Objet de débats récurrents, la liberté d'expression des militaires se trouve de nouveau mise en cause à la suite d'une série d'événements récents : ici, un général en activité est sanctionné pour la publication d'un ouvrage dérangeant, là, un général en deuxième section est placé hors-cadre pour sa participation à une manifestation, ailleurs, un ancien premier ministre déclare qu'un « militaire doit fermer sa gueule ou s'en aller »3 tandis qu'un sénateur invite le CEMA à imposer le silence à ses généraux. Lequel CEMA se trouve, à son tour, mis en cause pour avoir donné son avis sur l'effort financier à faire au profit de la défense 4...

A l'évidence, le principe même de la prise de parole par des militaires est malvenu et le sacro-saint devoir de réserve est invoqué dès que le sujet abordé sort peu ou prou de la bien-pensance réglementaire.
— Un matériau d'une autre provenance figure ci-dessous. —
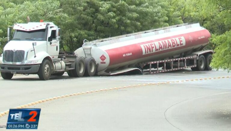 Este percance ocurrió cuando se desprendió parte de la carga. En la zona se reporta derrame de gasolina, los equipos trabajan en la limpieza de la sustancia.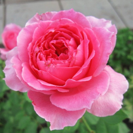 Выращенная в питомнике роза выглядит как сильнорослый куст, высотой 1,5 м. Побеги длинные и прочные. Под весом распустившихся цветков они не поникают. Листья крупных размеров, овальные, темно-зеленые. С внешней стороны они имеют глянцевый блеск. Бутоны махровые (состоят из 35 – 40 лепестков), классической бокаловидной формы. В верхней части они слегка заострены. Лепестки окрашены в насыщенный розовый цвет. По краям цветка они немного светлее. Ширина полностью раскрывшегося бутона составляет 12 см. Цветение пышное и длительное (вплоть до начала заморозков). Аромат тонкий, приятный, с нотками французских духов.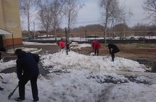 Сегодня в нашей школе прошёл субботник. Была организована работа по очистке территории и уборки снега.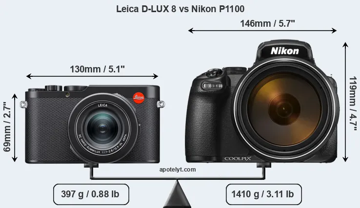 If the front view area (width x height) of the cameras is taken as an aggregate measure of their size, the Nikon P1100 is considerably larger (94 percent) than the Leica D-LUX 8. Moreover, the P1100 is substantially heavier (255 percent) than the D-LUX 8. In this context, it is worth noting that neither the D-LUX 8 nor the P1100 are weather-sealed.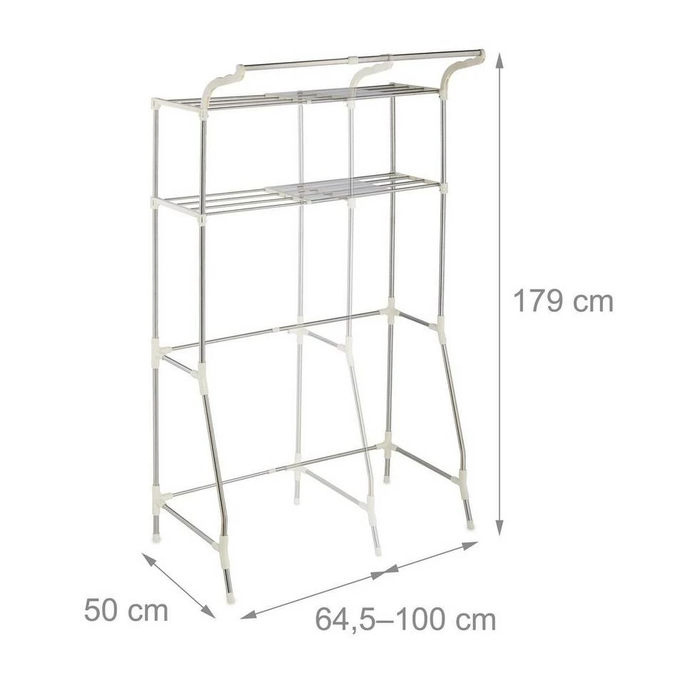 Platzsparendes Badregal für Waschmaschine & Trockner Dieses praktische Badezimmerregal bietet mit seinen 2 Ablagen Platz zur Aufbewahrung von Waschmitteln oder Toilettenartikeln. An der Hakenleiste können Lappen und Handtücher aufgehängt werden. Sonst ungenutzter Raum über der Waschmaschine oder dem Trockner verwandelt sich mit dem cleveren Waschmaschinenüberbau in großzügigen Lagerplatz. Das Überbauregal kann bei Bedarf in der Breite ausgezogen werden und lässt sich somit perfekt an die Gerätegröße sowie die räumlichen Gegebenheiten anpassen.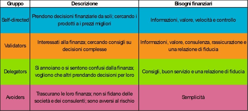 Una celebre ricerca di Forrester Research individua quattro profili di risparmiatori: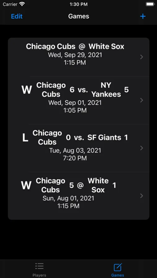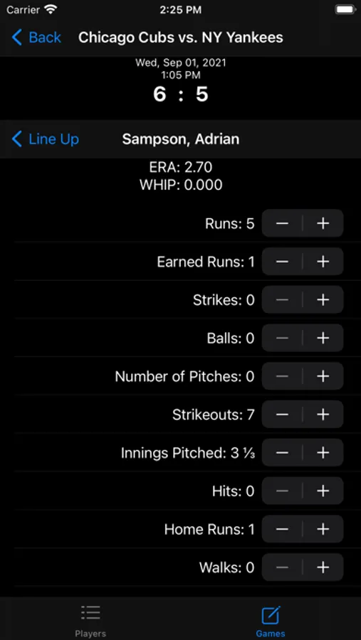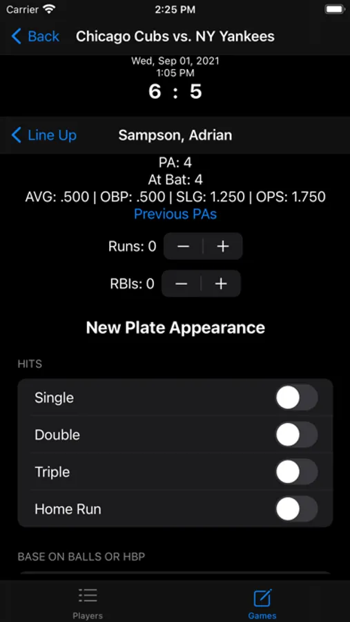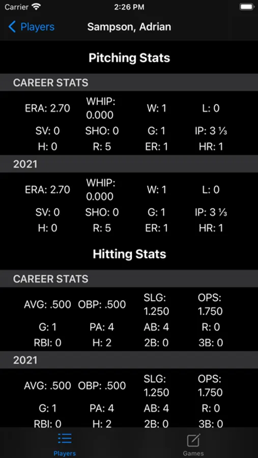 Baseball and softball stats keeper. Add unlimited number of games and players. See stats by game, year, or career of each player for both pitching and hitting.

Parallèlement, le Parlement, sous la pression de la Cour européenne des droits de l'homme (CEDH), a autorisé la création d'Associations professionnelles nationales de militaires (APNM)5, porteuses, a priori, de plus grandes libertés pour les militaires. Qu'en est-il exactement et que peut-on attendre de ces APNM dans le domaine de la liberté d'expression ? Avant de répondre à cette question, il convient de distinguer deux formes de prises de parole bien distinctes : celle qui s'exprime « en interne » et s'adresse à la hiérarchie pour l'informer d'une situation à laquelle elle peut généralement remédier et celle adressée « à l'extérieur », qui se veut porteuse d'un message au monde politique ou à l'opinion publique.
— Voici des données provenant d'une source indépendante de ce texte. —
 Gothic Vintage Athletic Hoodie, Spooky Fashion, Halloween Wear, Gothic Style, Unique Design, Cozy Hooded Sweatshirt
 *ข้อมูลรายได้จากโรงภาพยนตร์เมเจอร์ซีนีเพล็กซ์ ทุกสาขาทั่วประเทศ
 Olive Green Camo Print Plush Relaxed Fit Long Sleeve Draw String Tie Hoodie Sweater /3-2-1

La médiatisation – voire l'instrumentalisation - des opinions émises par des militaires par voie de presse, sur les ondes radio ou à la télévision, occulte aux yeux du grand public une des formes de communication les plus importantes pour la communauté militaire : celle qui, en interne, peut être assimilable à un « dialogue social ». Elle concerne, au niveau le plus modeste - celui du régiment, du bâtiment ou de la base aérienne - les problèmes de vie courante auxquels se heurte toute communauté. Elle consiste, le plus souvent, à traiter de questions domestiques comme le fonctionnement de l'ordinaire, les tours de service ou l'organisation des loisirs au sein de la garnison. L'existence de commissions spécialisées permet généralement d'apporter des réponses satisfaisantes à ce genre de problèmes. Dans ces commissions, la liberté de parole est totale bien qu'on ne puisse écarter le risque d'une autocensure par crainte de déplaire à l'autorité. A l'expérience, ce risque se révèle marginal. On peut donc parler d'une authentique liberté d'expression dans les instances de concertation dites du 2ème niveau6 , c’est-à-dire celles dont tous les membres appartiennent à la même formation.
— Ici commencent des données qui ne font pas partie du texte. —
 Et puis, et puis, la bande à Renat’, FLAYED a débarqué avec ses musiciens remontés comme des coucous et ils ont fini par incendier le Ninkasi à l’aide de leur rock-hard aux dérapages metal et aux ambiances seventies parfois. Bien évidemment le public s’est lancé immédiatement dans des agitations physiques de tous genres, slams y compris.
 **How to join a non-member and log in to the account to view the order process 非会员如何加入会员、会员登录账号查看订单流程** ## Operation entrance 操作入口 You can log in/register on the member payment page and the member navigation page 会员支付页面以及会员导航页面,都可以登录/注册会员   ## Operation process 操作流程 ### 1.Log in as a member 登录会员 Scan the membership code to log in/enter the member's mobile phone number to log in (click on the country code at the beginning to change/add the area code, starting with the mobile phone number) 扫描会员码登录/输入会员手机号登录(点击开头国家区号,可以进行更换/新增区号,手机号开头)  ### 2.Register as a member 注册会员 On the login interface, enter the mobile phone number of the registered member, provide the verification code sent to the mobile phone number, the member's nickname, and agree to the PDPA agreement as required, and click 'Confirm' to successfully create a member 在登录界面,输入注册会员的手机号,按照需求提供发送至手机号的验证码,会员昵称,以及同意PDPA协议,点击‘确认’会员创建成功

Les vraies difficultés apparaissent lorsque les problèmes à résoudre appellent des réponses qui sortent du cadre strict de la formation d'appartenance : par exemple, lorsqu'il s'agit d'acquérir de nouveaux droits, de modifier le statut d'une catégorie de personnels ou d'attribuer des bonifications au titre d'une spécialité. La décision dépasse alors le niveau du commandement local ou régional et nécessite d'en appeler à la décision du chef d'état-major de l'armée concernée ou celle du ministre lui-même.

Dans ce cas, il est prévu de saisir le Conseil de la fonction militaire de l'armée concernée (CFM) ou le Conseil supérieur de la fonction militaire (CSFM) au niveau du ministre. Ces deux conseils constituent les instances de 1er degré. Sans entrer dans le détail de la composition et du fonctionnement du CSFM, il est important de savoir que c'est seulement à ce stade que les APNM apparaissent et qu'elles peuvent se faire entendre.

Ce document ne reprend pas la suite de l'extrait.